[Stored items]

============================================================

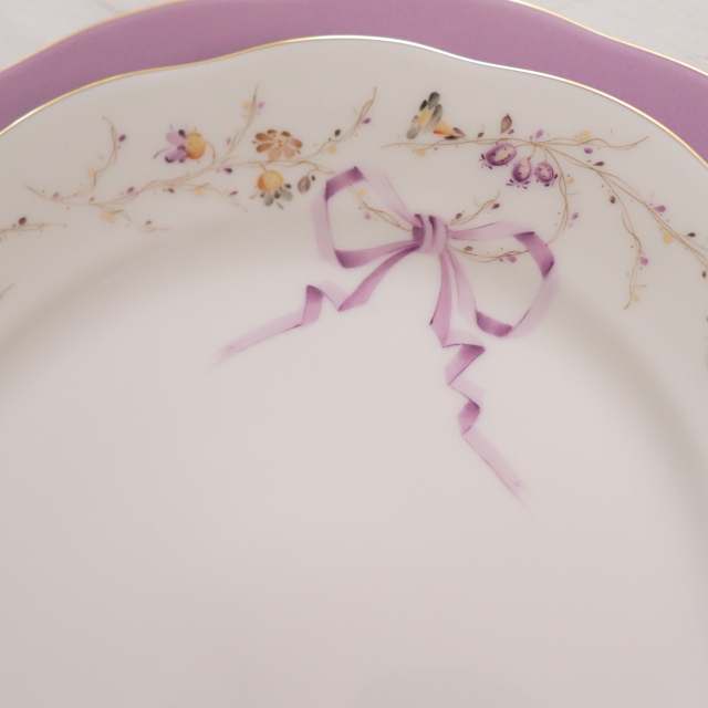 こちらはエデンシリーズのシンプルバージョン。 エデンのゆらりと優雅なリボンが引き立ち、周りの繊細な蔦が落ち着いたイメージです。 落ち着いた藤色が印象的なこちらの作品。 ヘレンド独特の手描きの良さがシンプルながらも、お色と絵柄両方でお楽しみ頂けるかと存じます。又、フルデザインと比べてお手に取って頂きやすいお値段も魅力です。 今回ご案内致します商品は定番のデザートプレート 。 シンプルなのに優雅で大人可愛いこちらの商品。とてもオススメの1品です。 シンプルシリーズのコーディネートは実に様々。 フルデザインのカップ&ソーサーにシンプルデザインのプレートを合わせても更にお互いが引き立ちます。逆に、シンプルデザインのカップ&ソーサーにフルデザインのプレートを合わせても素敵です。 シンプル同士を合わせても、、、色々な組み合わせで異なった雰囲気をお楽しみ頂けます。 是非、エデンシリーズの足し引きの面白さをご体験下さい。 パープル塗りが美しいシルクリボンのアンダープレートはこちらから (*商品のサイズ:直径 190mm/ 高さ 20mm)
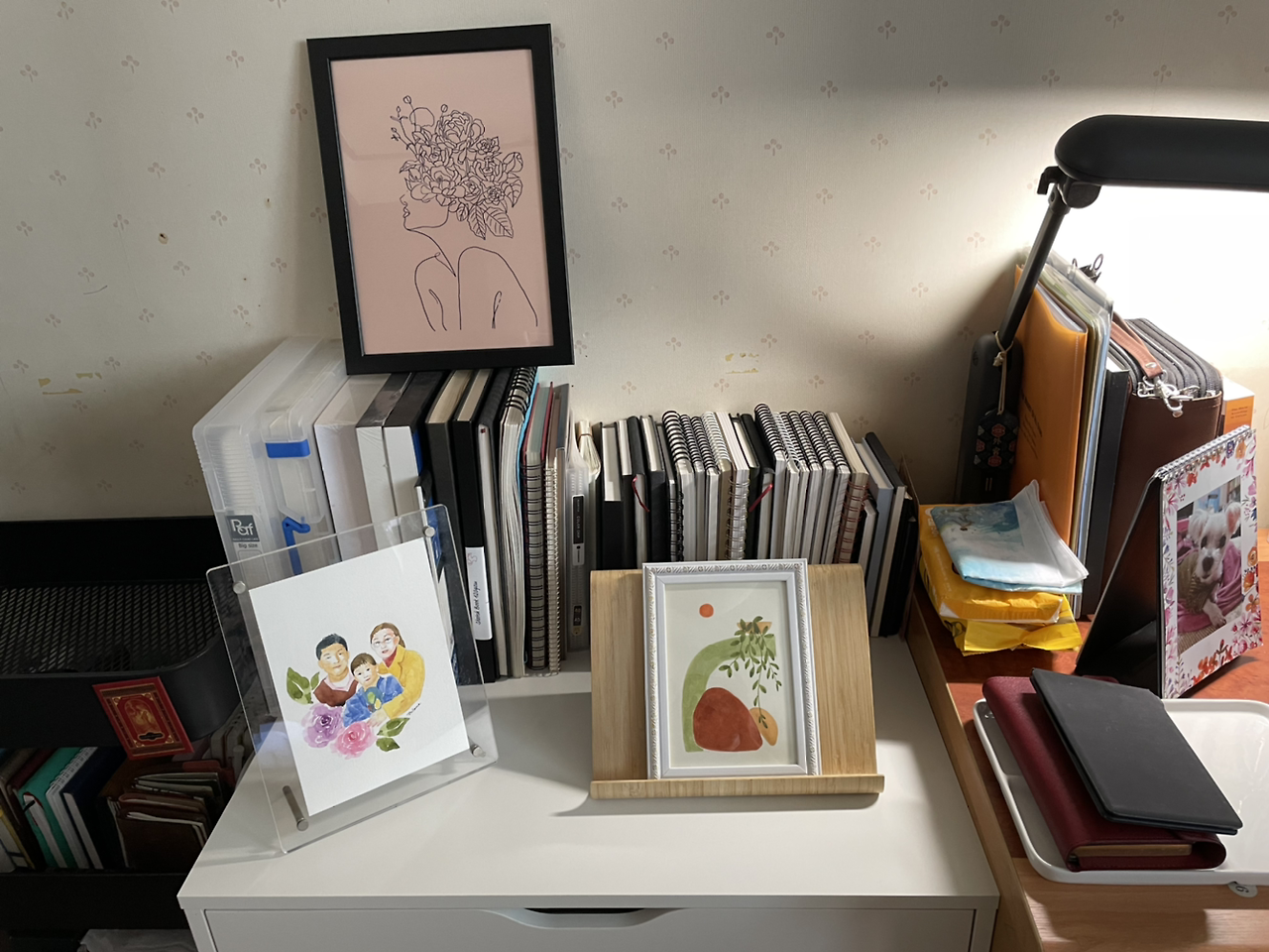 수업 때 가져가기 전까지 서랍장 위를 장식하는 그림들…
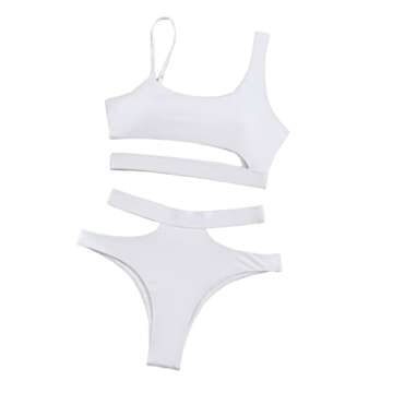 Lilosy Cutout Shoulders High Waisted Cut Leg Thong Brazilian Bikini Swimsuit Set Women Cheeky Bottom Bathing Suit 2 Piece Out White Large
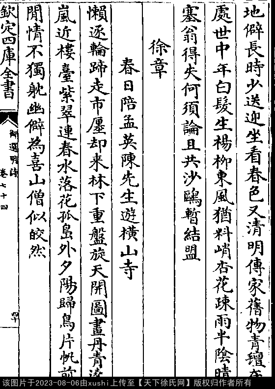 文化 春日陪孟英陈先生游横山寺 明 · 徐章
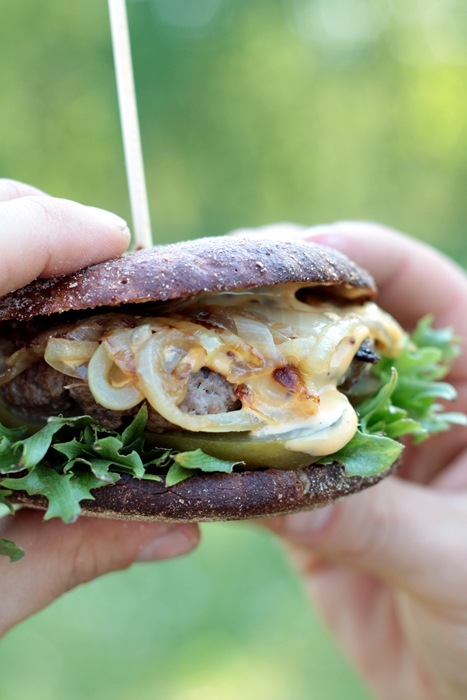 Rukkiburger veisepihvi ja karamellistatud sibulaga
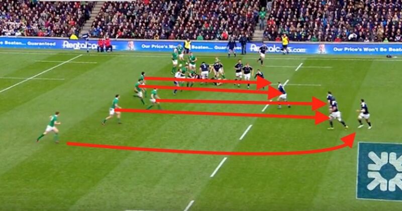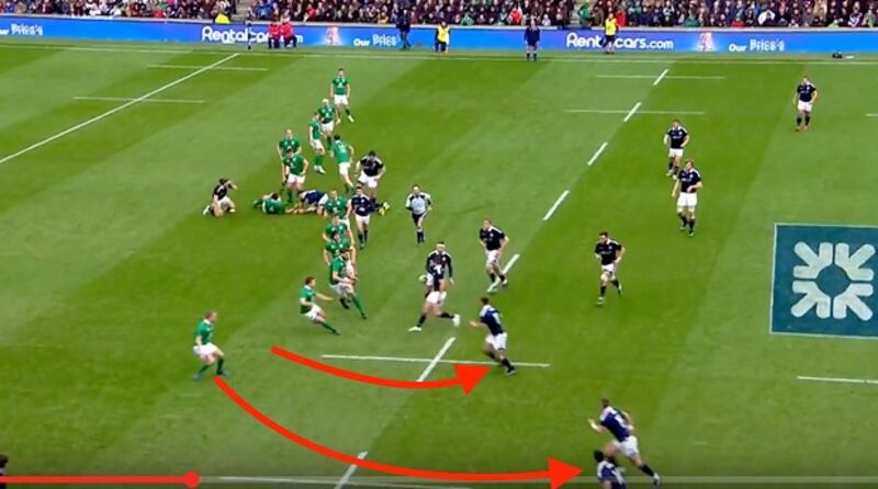 Four minutes before half-time in Murrayfield, Stander then Rob Kearney busted tackles to put Ireland on the front foot. Play was moving from right to left and after O’Brien carried next all Scottish eyes were trained on Conor Murray’s pass to Henshaw. This saw Ireland attacking with four against five Scottish defenders. If Murray got the call to come back right, Jackson could have used the three Irish forwards – Toner, Henderson and Heaslip – to fix three Scottish forwards with Kearney and Zebo waiting in space against one Scottish defender (Alex Dunbar).
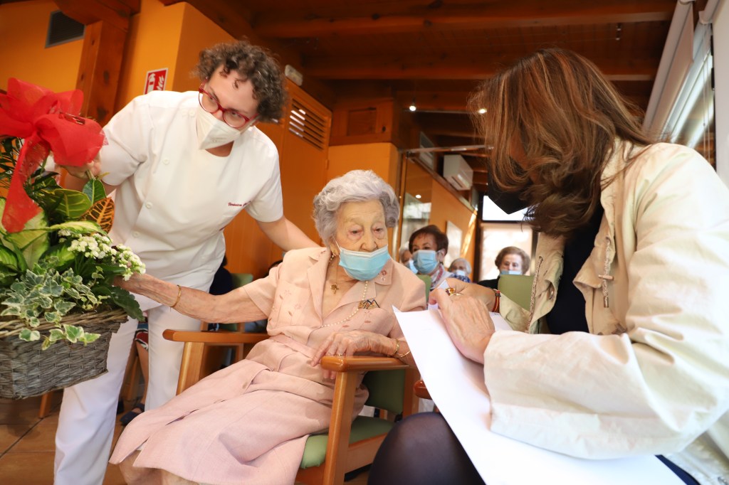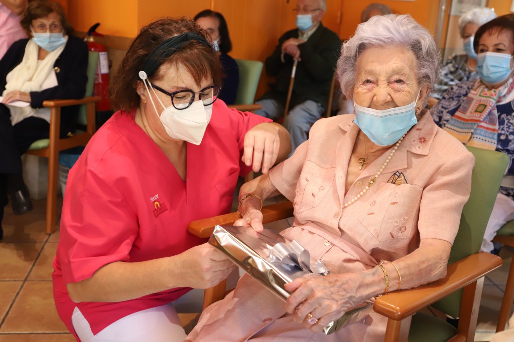 Posteriormente, el administrador y la directora del centro, así como numerosos de los trabajadores hacían entrega de los regalos. Entre ellos, la partida de nacimiento de Carmen Sanz y una emotiva carta del alcalde de su localidad natal, la mencionada, La Seca, que entre otras cosas, le recordaba momentos memorables de la vida del pueblo que ella atesora, como la caída de la torre de la Iglesia, ahora reconstruida y a la que se le ha colocado una escalera, o la vendimias que año tras años ha vivido la localidad. Gregorio Bayón Piñero, alcalde de La Seca le decía “es un honor como lasecano y alcalde poder felicitar por su centenario a una vecina que ha crecido como nuestros viñedos, calada del buen mosto y aguerrida a nuestros suelos pedregosos que la han hecho fuerte para vivir tanto”. Tras la misma, la lectura de la misiva del alcalde de Valladolid, ciudad que la acogió desde que acudiera a la misma a estudiar secundaria y con la que le deseaba lo mejor.
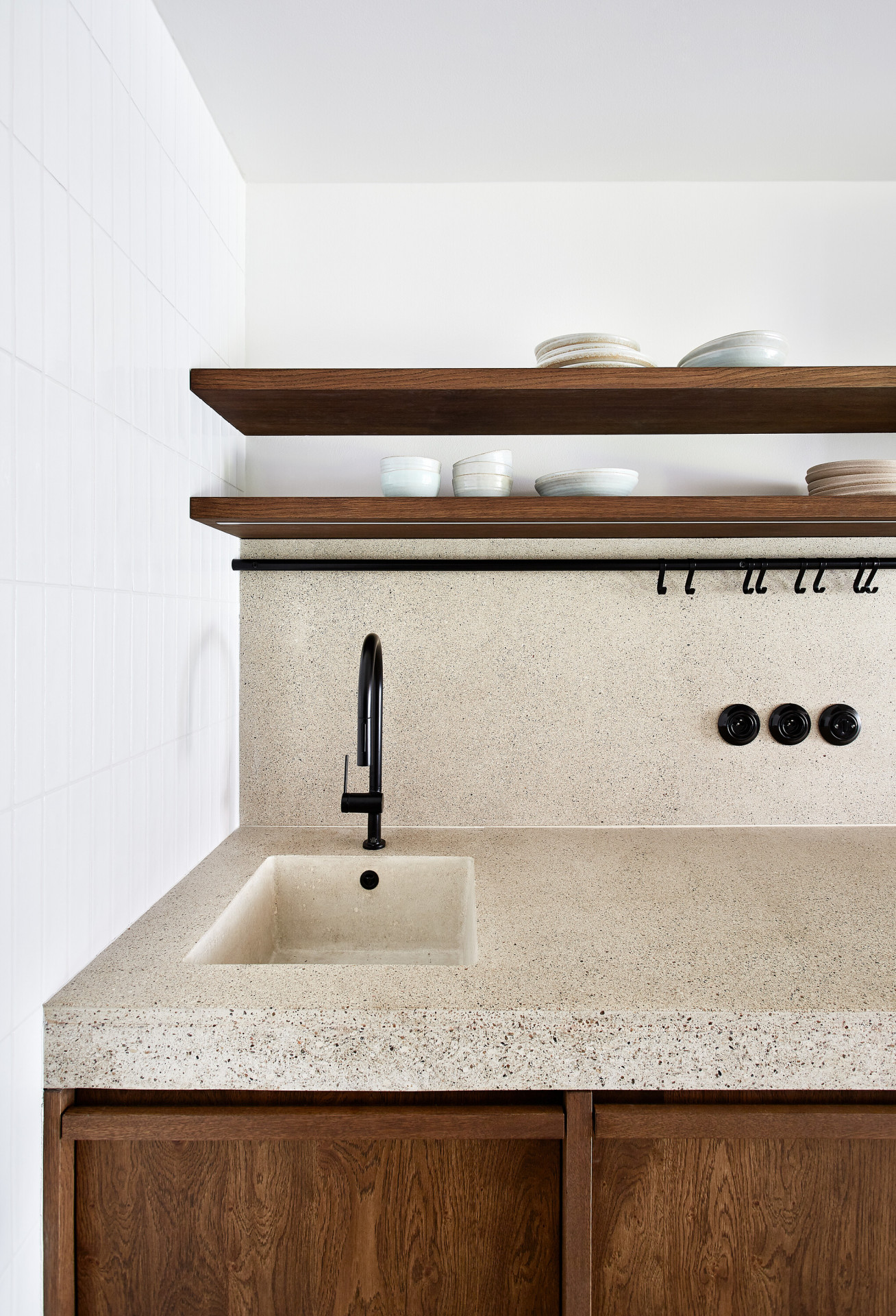 Při návrhu byly použity dva hlavní principy. První princip sleduje interiéry chalup a venkovských domů. Materiálové řešení, kuchyně, vestavné skříně i krbové těleso odkazují na tradiční české řemeslo, které je ovšem provedeno moderně. Tyto prvky bytu si tak zachovávají svou estetiku a snadno se udržují. Druhým principem je aplikování nadčasové a odolné betonové stěrky na podlahy. Výběr tohoto materiálu byl vzhledem k uvažované vytíženosti objektu nutností.
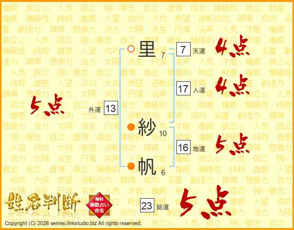 里紗帆さんの総運は23画の5点!
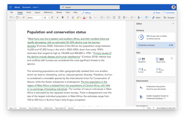 微软即将为 Word 编辑器引入“在线查重”功能,以帮助用户改善其写作风格。作为三月份预告的 Microsoft 365 更新的一部分,新功能将先向教育版订阅者推送,然后再分发给家庭和企业版订阅用户。据悉,该功能由必应提供支撑,可在显示文档内容的相似性比例,并使之更轻松地插入相应的引文。
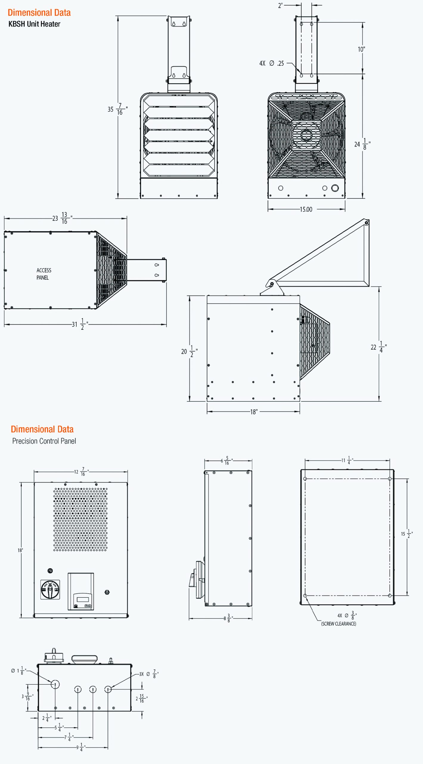 Auxiliary Temperature Control Panel: Mounts outside the heated space increasing the heater’s durability and longevity by protecting the electronics and mechanical components from extreme temperatures and potential damage.
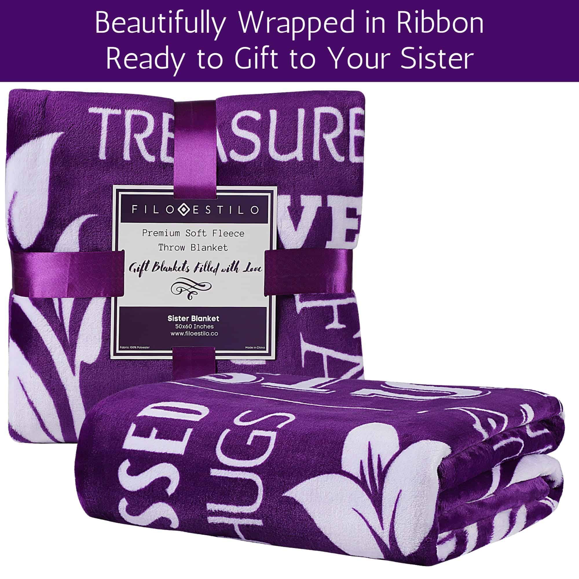 3. Día de las Hermanas Todo Envuelto: Las mantas suaves y acogedoras están atadas con una hermosa cinta coordinada, por lo que están listas para regalar a tu hermana en su cumpleaños, Navidad, San Valentín o simplemente para decir cuánto te importa cualquier día del año.

============================================================

- WORK INSTRUCTIONS -
Line for line, output the entries above from the line with "Four minutes before" to the line with "Posteriormente, el administrador", both included, and nothing more. Skip pictures.

- ANSWER SECTION -
 Four minutes before half-time in Murrayfield, Stander then Rob Kearney busted tackles to put Ireland on the front foot. Play was moving from right to left and after O’Brien carried next all Scottish eyes were trained on Conor Murray’s pass to Henshaw. This saw Ireland attacking with four against five Scottish defenders. If Murray got the call to come back right, Jackson could have used the three Irish forwards – Toner, Henderson and Heaslip – to fix three Scottish forwards with Kearney and Zebo waiting in space against one Scottish defender (Alex Dunbar).
 Posteriormente, el administrador y la directora del centro, así como numerosos de los trabajadores hacían entrega de los regalos. Entre ellos, la partida de nacimiento de Carmen Sanz y una emotiva carta del alcalde de su localidad natal, la mencionada, La Seca, que entre otras cosas, le recordaba momentos memorables de la vida del pueblo que ella atesora, como la caída de la torre de la Iglesia, ahora reconstruida y a la que se le ha colocado una escalera, o la vendimias que año tras años ha vivido la localidad. Gregorio Bayón Piñero, alcalde de La Seca le decía “es un honor como lasecano y alcalde poder felicitar por su centenario a una vecina que ha crecido como nuestros viñedos, calada del buen mosto y aguerrida a nuestros suelos pedregosos que la han hecho fuerte para vivir tanto”. Tras la misma, la lectura de la misiva del alcalde de Valladolid, ciudad que la acogió desde que acudiera a la misma a estudiar secundaria y con la que le deseaba lo mejor.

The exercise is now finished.